U is for Unfaithful Finances between Couples is a Real Thing
U is for Unfaithful Finances between Couples is a Real Thing
Money arguments between couples are nothing new.
Money is the ‘Number One’ cause of stress in relationships. And continually having financial arguments is a top predictor of divorce. Finances can easily cause stress on a relationship. But, if one part of a couple is being unfaithful with their finances, it can signal a more serious problem within the relationship.
Have you ever purchased an item without your partner being aware? Or do you have a secret account to hide certain purchases from your partner? Many believe these small “white lies” help avoid conflict in relationships. But I prefer to believe honesty is the best policy.
Unfortunately, according to CreditCards.com and its latest financial infidelity poll, 19 percent of U.S. adults in committed relationships are dishonest about their finances. This means, approximately 29 million people are hiding a checking, savings, or credit card account from their partner.
Not just Money Matters
As a financial advisor, I would not promote withholding important financial information from your partner. This signals a lack of trust. Financial decisions made by one partner, impact the other partner. And we as a society know that honesty is critical for any relationship to work properly.

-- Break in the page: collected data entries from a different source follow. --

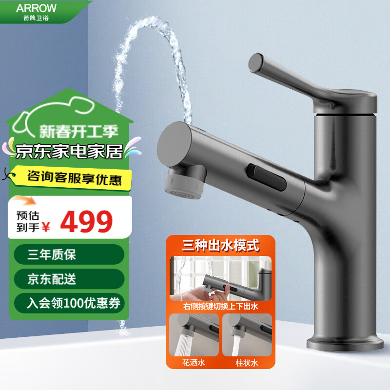 箭牌(ARROW)枪灰面盆水龙头冷热洗脸盆水龙头卫生间抽拉式水龙头AE4175MGG价格:499.00元!
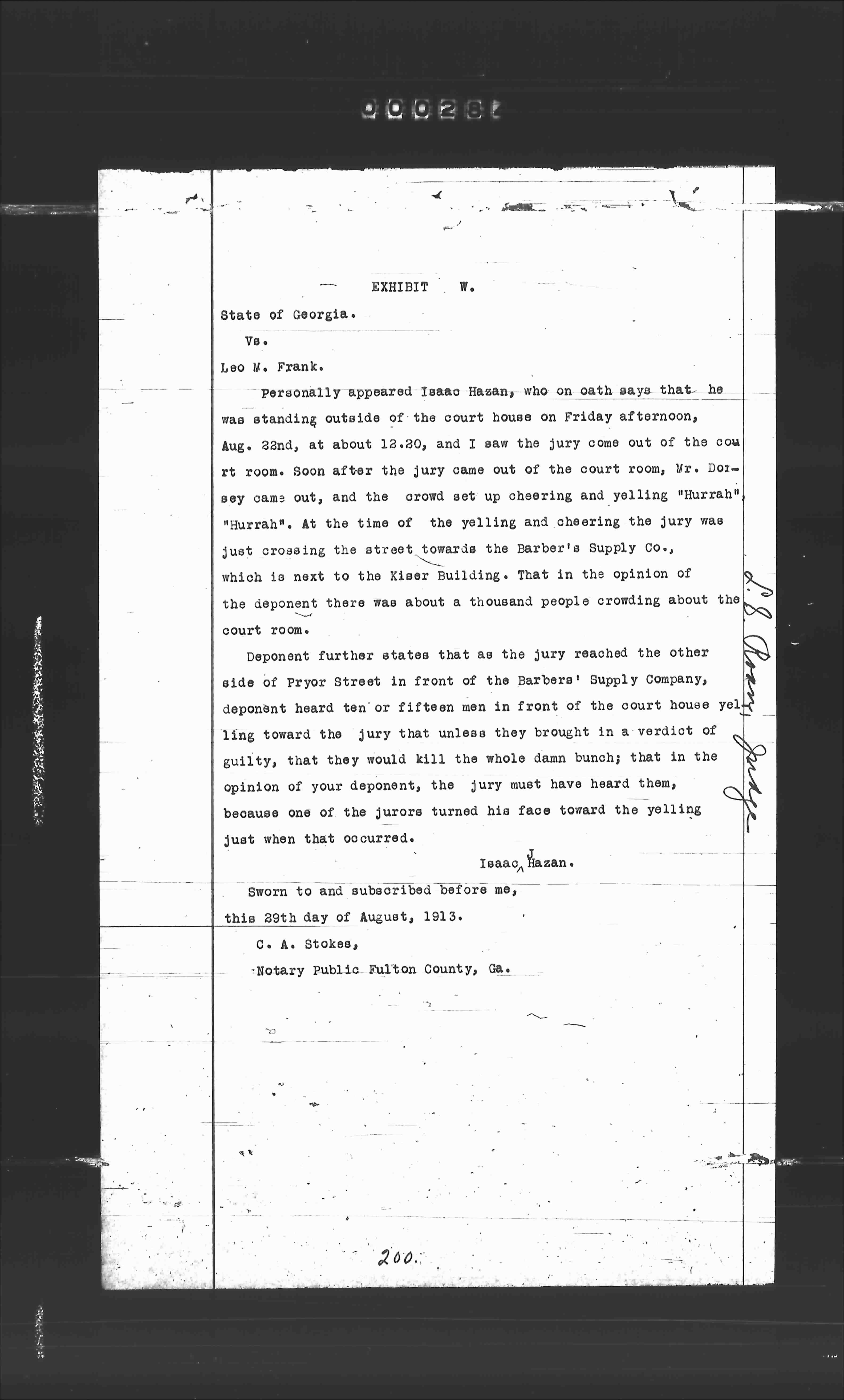 Personally appeared Isaac Haas who on oath says that he was standing outside of the court house on Friday afternoon, Aug. 22nd, at about 12.30, and I saw the jury come out of the court room. Soon after the jury came out of the court room, Mr. Dor- sey came out, and the crowd set up cheering and yelling "Hurrah" "Hurrah". At the time of the yelling and cheering the jury was just crossing the street toward the Barber's Supply Co., which is next to the Kiser Building. That in the opinion of the deponent there was about a thousand people crowding about the court room.
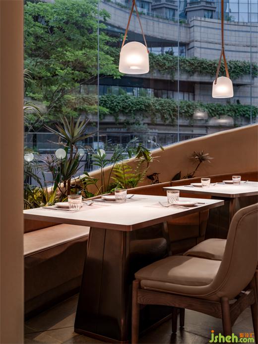 餐廳設(shè)計不規(guī)則的橢圓窗格如洞穴般,映照出外部世界若隱若現(xiàn)的天光,變成一道獨(dú)特的景致。暖色調(diào)石材、純粹豐厚的水泥、現(xiàn)代與未來感融合的金屬等多重材料交織碰撞。
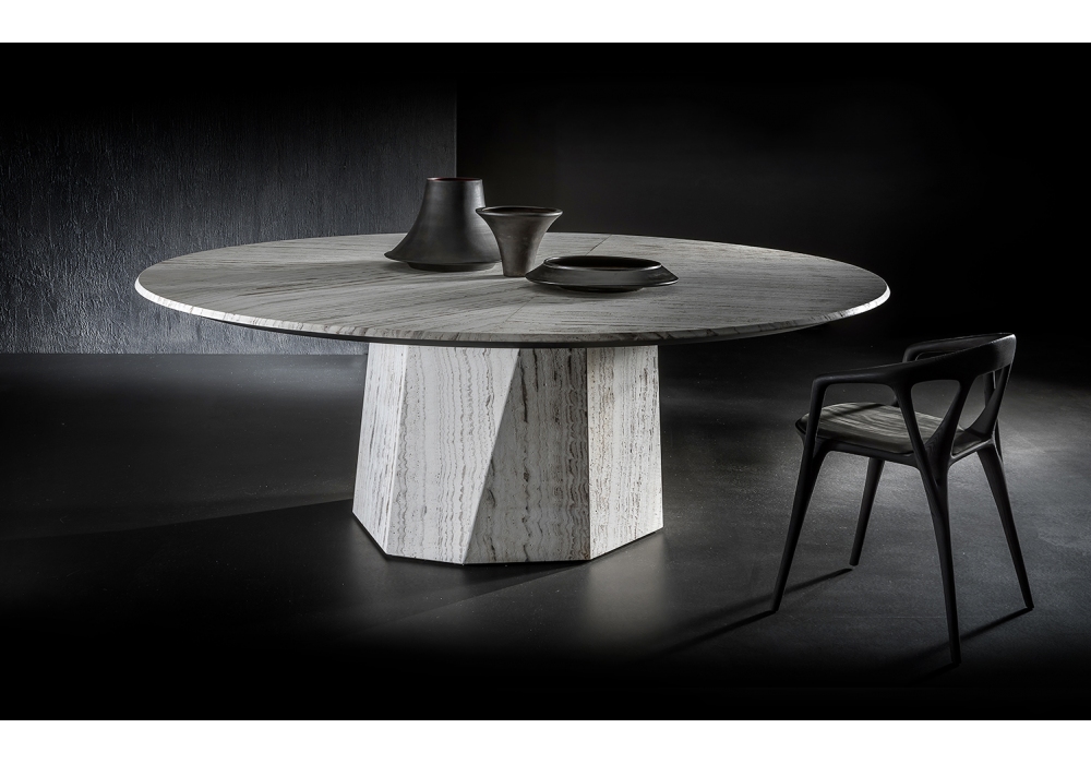 Zenith conçue par Massimo Castagna pour Henge est une table composée d'une structure interne en acier recouverte de pierre et d'un plateau en pierre en 3 parties sur un plateau en bois.
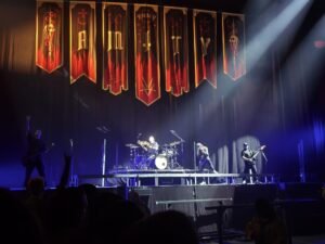 La intensidad continuó con «Dark Days», «Idols and Anchors» —con Winston entre el público—, «Chronos» y «Darker Still», ambas acompañadas de un trío de cuerdas que elevó la atmósfera a niveles épicos y nos dio a reflexionar que en el metal todo tiene cabida. «Bottom Feeder» cerró el set principal antes de un encore memorable: solo de batería, «Crushed» con llamas por todas partes y «Wild Eyes» en el B-stage, dejando al público completamente exhausto pero extasiado.
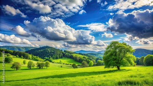 © Atittaya, Fototapeta premium Green meadow under blue sky with clouds, trees, hills in USA
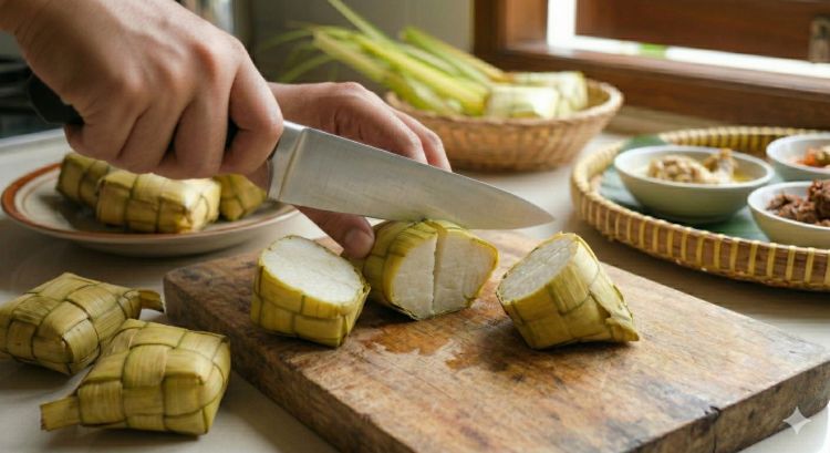 Solusi mengiris ketupat pulen agar hasilnya rapi dan tidak menempel di pisau
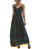 FeatureWomens Summer Dress/Maxi Dress/ Womens Floral Dress/ Sleeveless/ Adjustable Spaghetti Straps/ Sexy V Neck/ Ruffle at V neck side/ Floor Length/ Ankle Length/ High Waist Dress/ Elastic Dress/ Pleated at the bottom/ Bohemia Style Dress/ Beach Dress/Party Dress/ Long Dress for Women Size Selections: S,M,L,XL,XXL/ Color Selections: Navy, Apricot, Wine Red, Red, Green, Dark Blue, Black
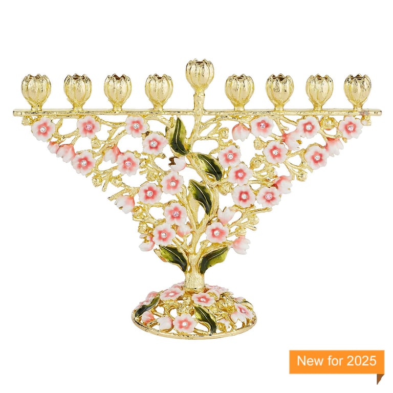 Main view Elegantly gift boxed (sample) Product Details Olivia Riegel The BELLA MENORAH by Olivia Riegel® — Delightful floral pattern in gold finished pewter, the BELLA MENORAH is pink and green hued hand-enameling and hand-set with European crystals. Tarnish resistant. Signature luxury gift box included. An incredible original design from the Olivia Riegel® collection. SendAFrame proudly carries the entire photo frame Olivia Riegel® collection, and related home decor pieces like this Chanukah Menorah. The BELLA MENORAH by Olivia Riegel® OLIVIA RIEGEL® HOLIDAY CELEBRATION SAVINGS - Buy More / Save More * Add this item to your cart for the full details of this promotion. Conditions may apply. Model #850054966346 $300.00 This item IS in stock and can be expected to ship 12/17/2025 Your Price Match is Active Your request for a price of $0.00 for a minimum quantity of has been accepted. You have [time] left to purchase this item for $0.00 instead of $300.00 each. Find a Lower Price? We BEAT All Authorized Retailers [?] Approx. Overall Dimensions:8 1/2"x6 1/4"x3" This item ships in its own box SHARE THIS ITEM Share on Facebook
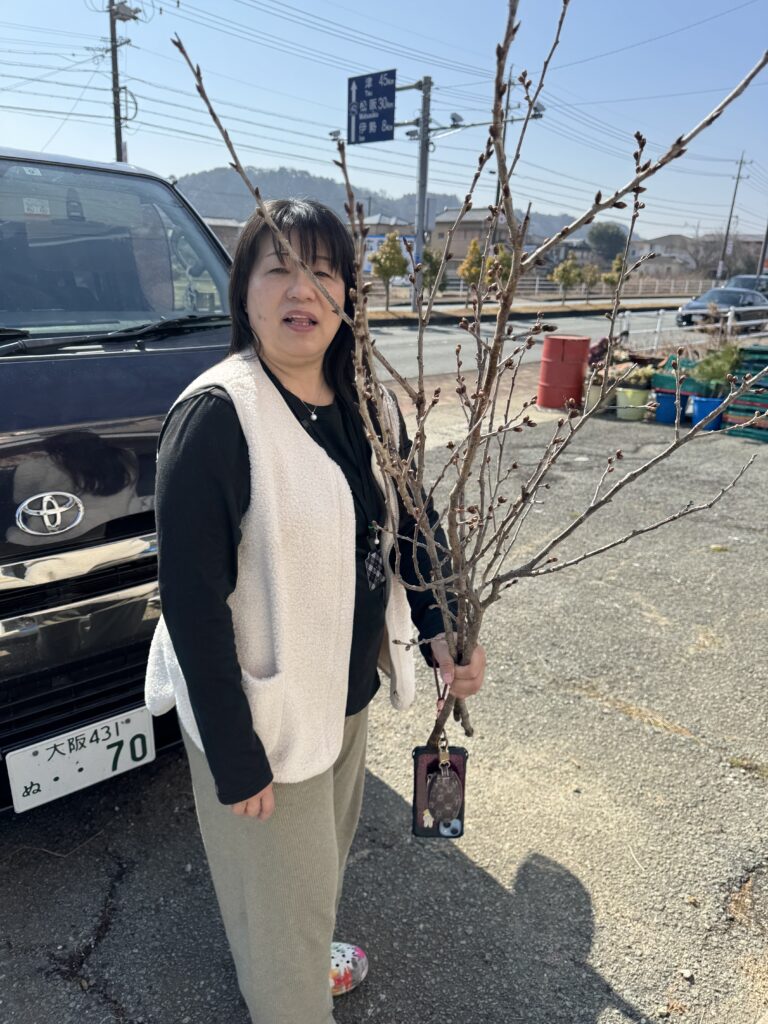 メダカ10尾を袋詰めしてもらって、桜の切り枝も数本いただきました。

If one partner is hiding debt from the other, the truth is going to come to the light. When the truth comes out, it will likely have a major impact on the relationship in other areas not just money.
Financial Infidelity
The good news is that your partner is not engaging in a physical or emotional affair. You are experiencing what is called financial infidelity. But having any secrets exposed between a couple will likely break a trust that will take much work to fix. Protecting yourself and your assets is one thing. But, withholding important information is infidelity. If financial infidelity is occurring in your relationship, it is important to find out sooner rather than later.
If you find out your partner has been practicing financial infidelity, you will need to address the matter immediately with calm and reason. Sometimes, it may be best to seek counsel from a therapist. They can help you navigate the cause behind the financial infidelity and the proper course of action to take going forward. So, after you’ve established financial infidelity, seek advice from your financial advisor.